#### [Exercise]
The part below that opens with the line containing "2025年9月,涪陵區(qū" and closes with the line containing "Ins Microbusiness 얇은" should be copied exactly, minus any pictures.
(Data in this exercise)
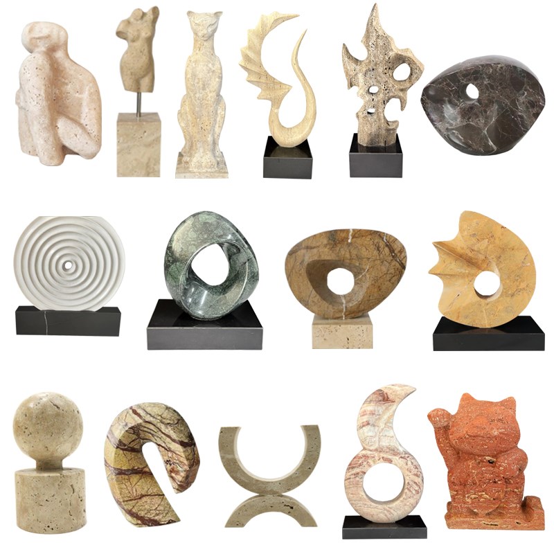 现代简约天然大理石黄洞石人体动物几何抽象雕塑摆件样板间装饰品
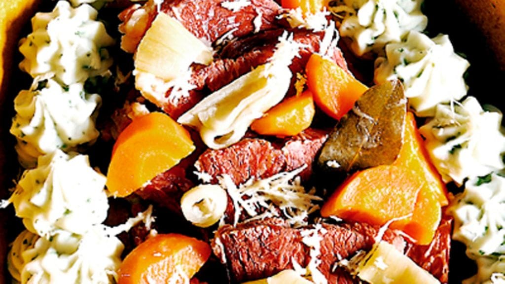 1. Keitä kattilassa sen verran vettä, että arvioit sen peittävän lihan. Nosta liha kiehuvaan veteen ja lisää liemikuutio. Kuumenna uudelleen kiehuvaksi, kuori vaahto tarkoin ja lisää mausteet ja vihannekset. Keitä hiljaa kannen alla, kunnes liha tuntuu oikein murealta, runsas 2 tuntia.
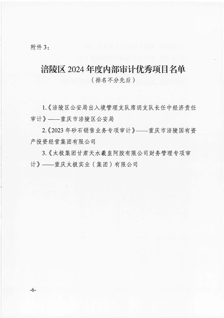 2025年9月,涪陵區(qū)內(nèi)部審計(jì)協(xié)會發(fā)布《關(guān)于表揚(yáng)2024年度先進(jìn)集體、先進(jìn)個(gè)人及內(nèi)部審計(jì)優(yōu)秀項(xiàng)目的通報(bào)》(涪陵內(nèi)審協(xié)發(fā)〔2025〕6號),國投集團(tuán)審計(jì)部獲得“涪陵區(qū)2024年度內(nèi)部審計(jì)先進(jìn)集體”表彰,國投集團(tuán)內(nèi)審項(xiàng)目《2023年砂石銷售業(yè)務(wù)專項(xiàng)審計(jì)》獲得“涪陵2024年度內(nèi)部審計(jì)優(yōu)秀項(xiàng)目”表彰。
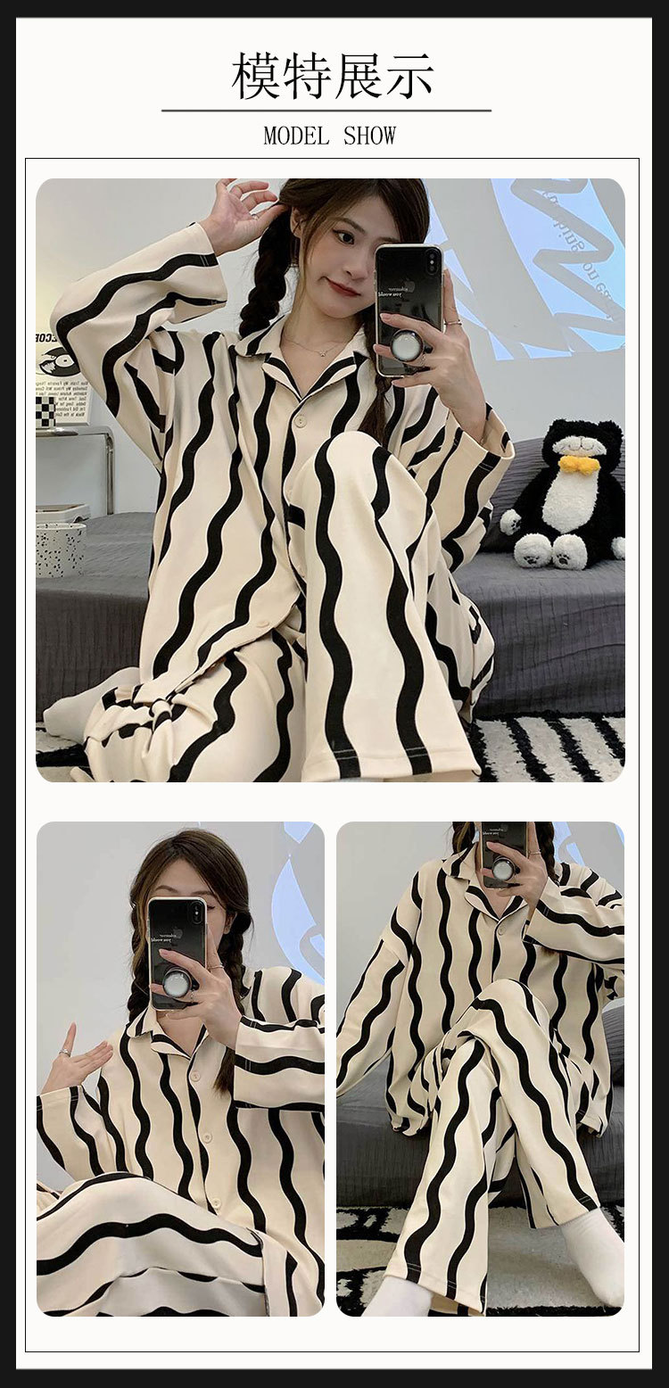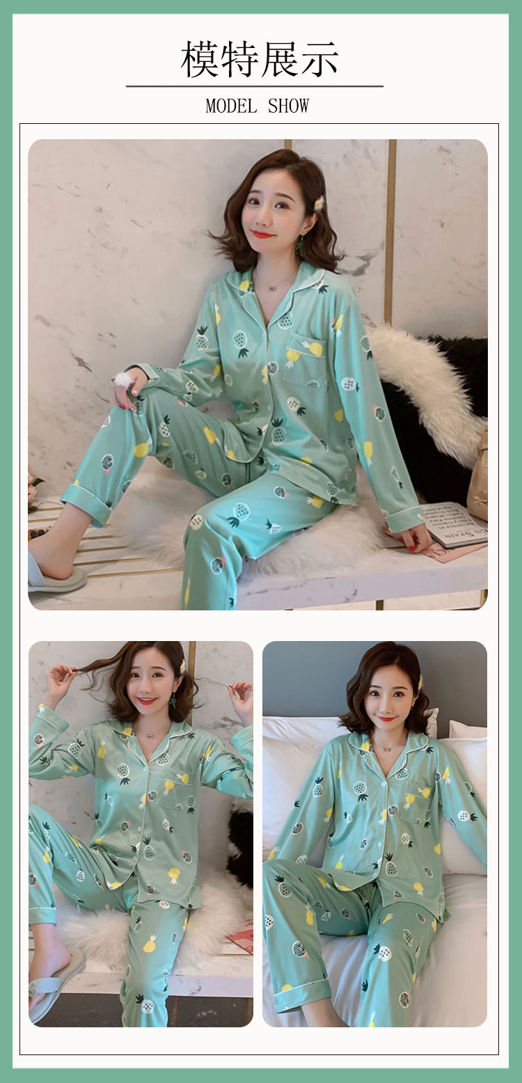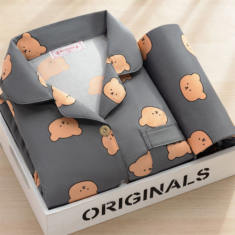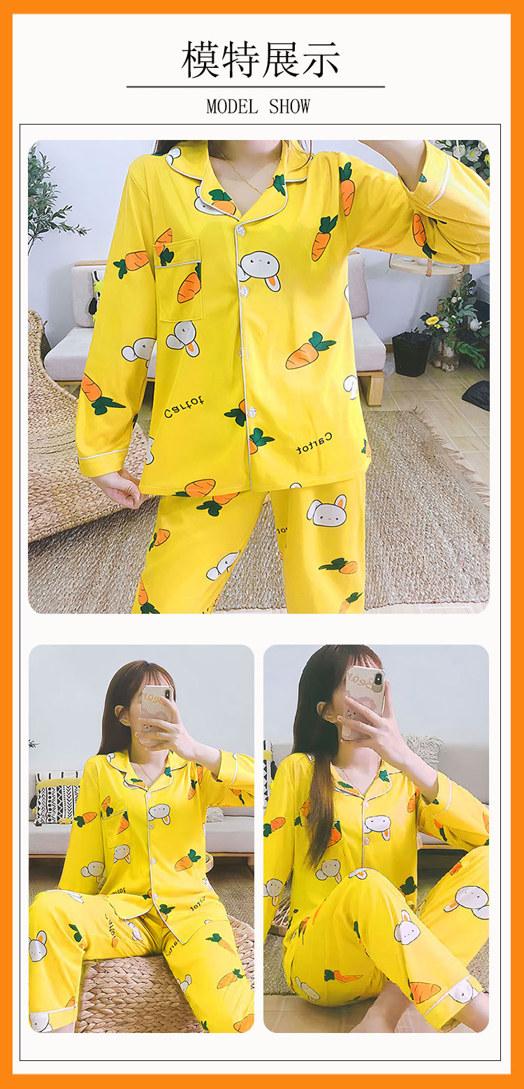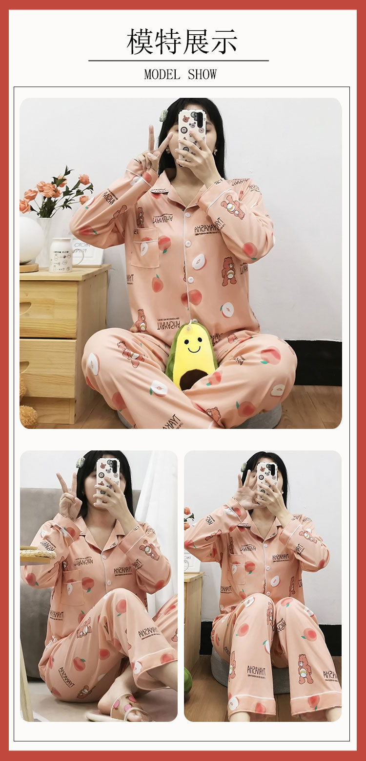Ins Microbusiness 얇은 옷깃 파자마 여성의 봄과 가을 카디건 긴 소매 바지 만화 대외 무역 여성 홈 의류 세트스토어 가기
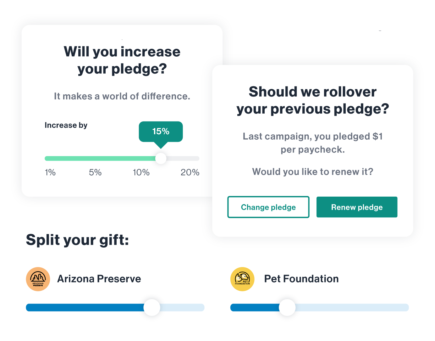 Give employees flexibility with customizable pledge frequencies aligned to pay periods. Encourage dollar amounts or percentage-of-salary donations with calls to action that resonate with your culture.
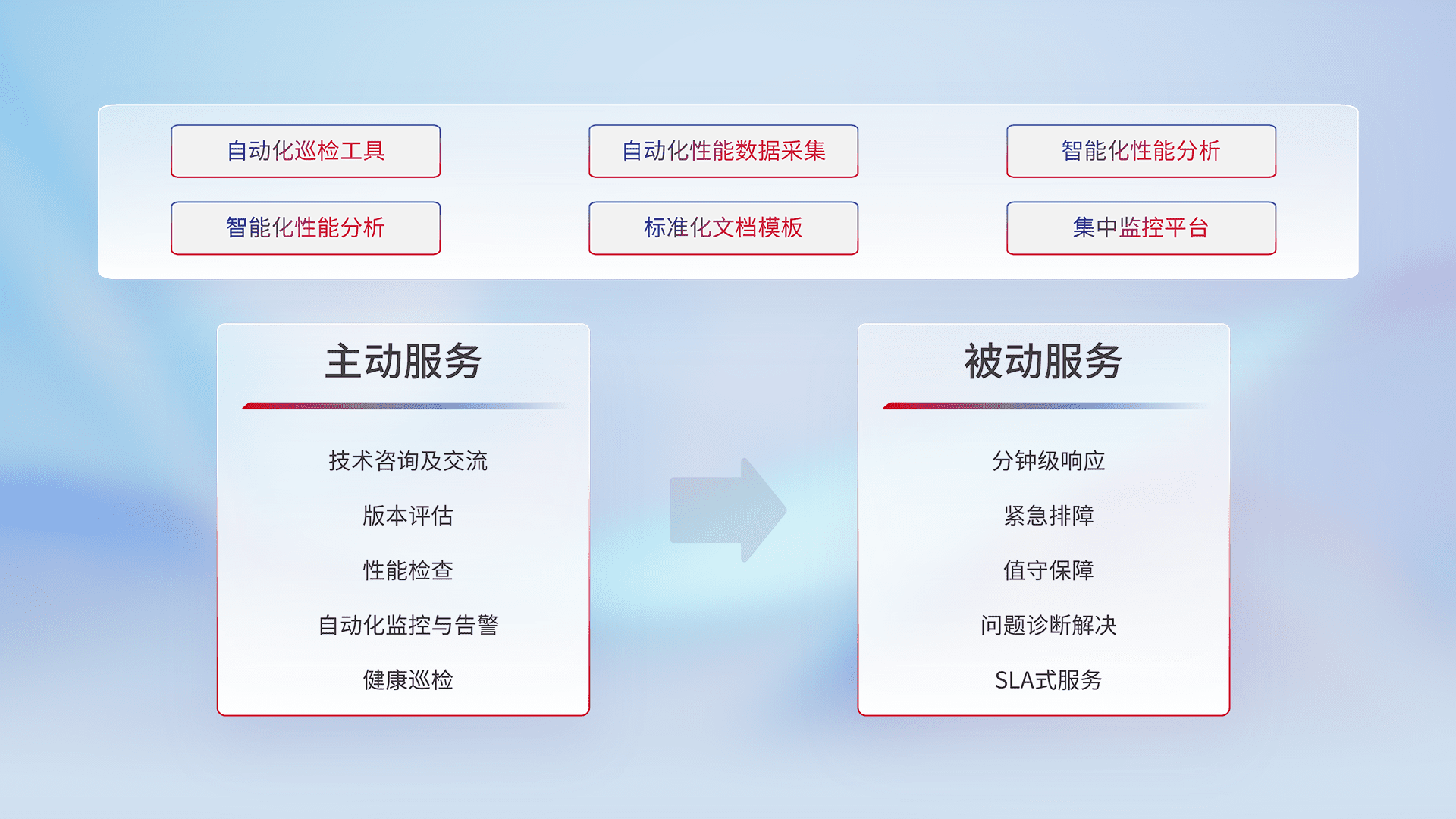 智能化工具和标准化文档,,保障服务质量,,提供主动服务(包含技术咨询、、版本评估、、、、性能检查、、自动化监控与告警、、健康巡检)和被动服务包含(分钟级响应、、紧急排障、、、、值守保障、、问题诊断解决、、SLA服务)。。
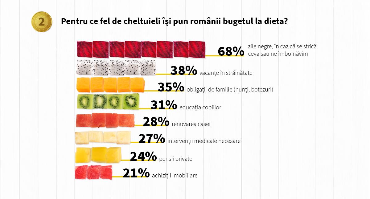 Doar 1% dintre români declară că sunt relaxaţi financiar, adică pot face faţă oricărei cheltuieli. 40% dintre români suferă lipsuri financiare (5% nu au bani nici pentru a acoperi strictul financiar, 35% renunţă la lucruri pentru a face faţă cheltuielilor zilnice). Din aceşti 40%, cei mai mulţi sunt persoane între 45 şi 50 de ani, din zonele Crişana-Maramureş şi Oltenia.
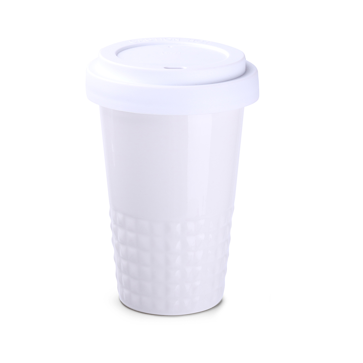 Raffiniertes Design durch symmetrisch-erhabene Form im unteren Bereich des Bechers. Doppelwandiges Porzellan mit perfekter Isolationsfunktion und dicht abschließendem Deckel.
(End Data in this exercise)
#### [Answer to this problem]
 2025年9月,涪陵區(qū)內(nèi)部審計(jì)協(xié)會發(fā)布《關(guān)于表揚(yáng)2024年度先進(jìn)集體、先進(jìn)個(gè)人及內(nèi)部審計(jì)優(yōu)秀項(xiàng)目的通報(bào)》(涪陵內(nèi)審協(xié)發(fā)〔2025〕6號),國投集團(tuán)審計(jì)部獲得“涪陵區(qū)2024年度內(nèi)部審計(jì)先進(jìn)集體”表彰,國投集團(tuán)內(nèi)審項(xiàng)目《2023年砂石銷售業(yè)務(wù)專項(xiàng)審計(jì)》獲得“涪陵2024年度內(nèi)部審計(jì)優(yōu)秀項(xiàng)目”表彰。
Ins Microbusiness 얇은 옷깃 파자마 여성의 봄과 가을 카디건 긴 소매 바지 만화 대외 무역 여성 홈 의류 세트스토어 가기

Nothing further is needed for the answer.